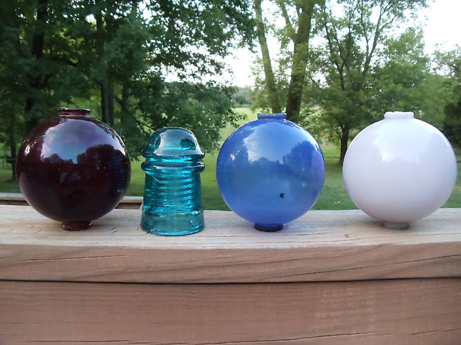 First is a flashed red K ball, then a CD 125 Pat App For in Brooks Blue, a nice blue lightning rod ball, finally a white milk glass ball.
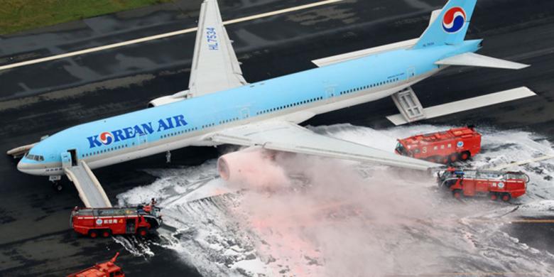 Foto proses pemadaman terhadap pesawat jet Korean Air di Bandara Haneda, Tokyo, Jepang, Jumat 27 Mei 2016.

---+---

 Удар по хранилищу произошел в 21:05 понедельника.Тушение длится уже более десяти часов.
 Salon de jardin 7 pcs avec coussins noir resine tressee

---+---

--- EXERCISE OBJECTIVE ---
Beginning with the line above that contains "First is a flashed" and ending with the line that contains "Foto proses pemadaman", quote each line exactly, keeping out the pictures.

--- YOUR SOLUTION ---
 First is a flashed red K ball, then a CD 125 Pat App For in Brooks Blue, a nice blue lightning rod ball, finally a white milk glass ball.
 Foto proses pemadaman terhadap pesawat jet Korean Air di Bandara Haneda, Tokyo, Jepang, Jumat 27 Mei 2016.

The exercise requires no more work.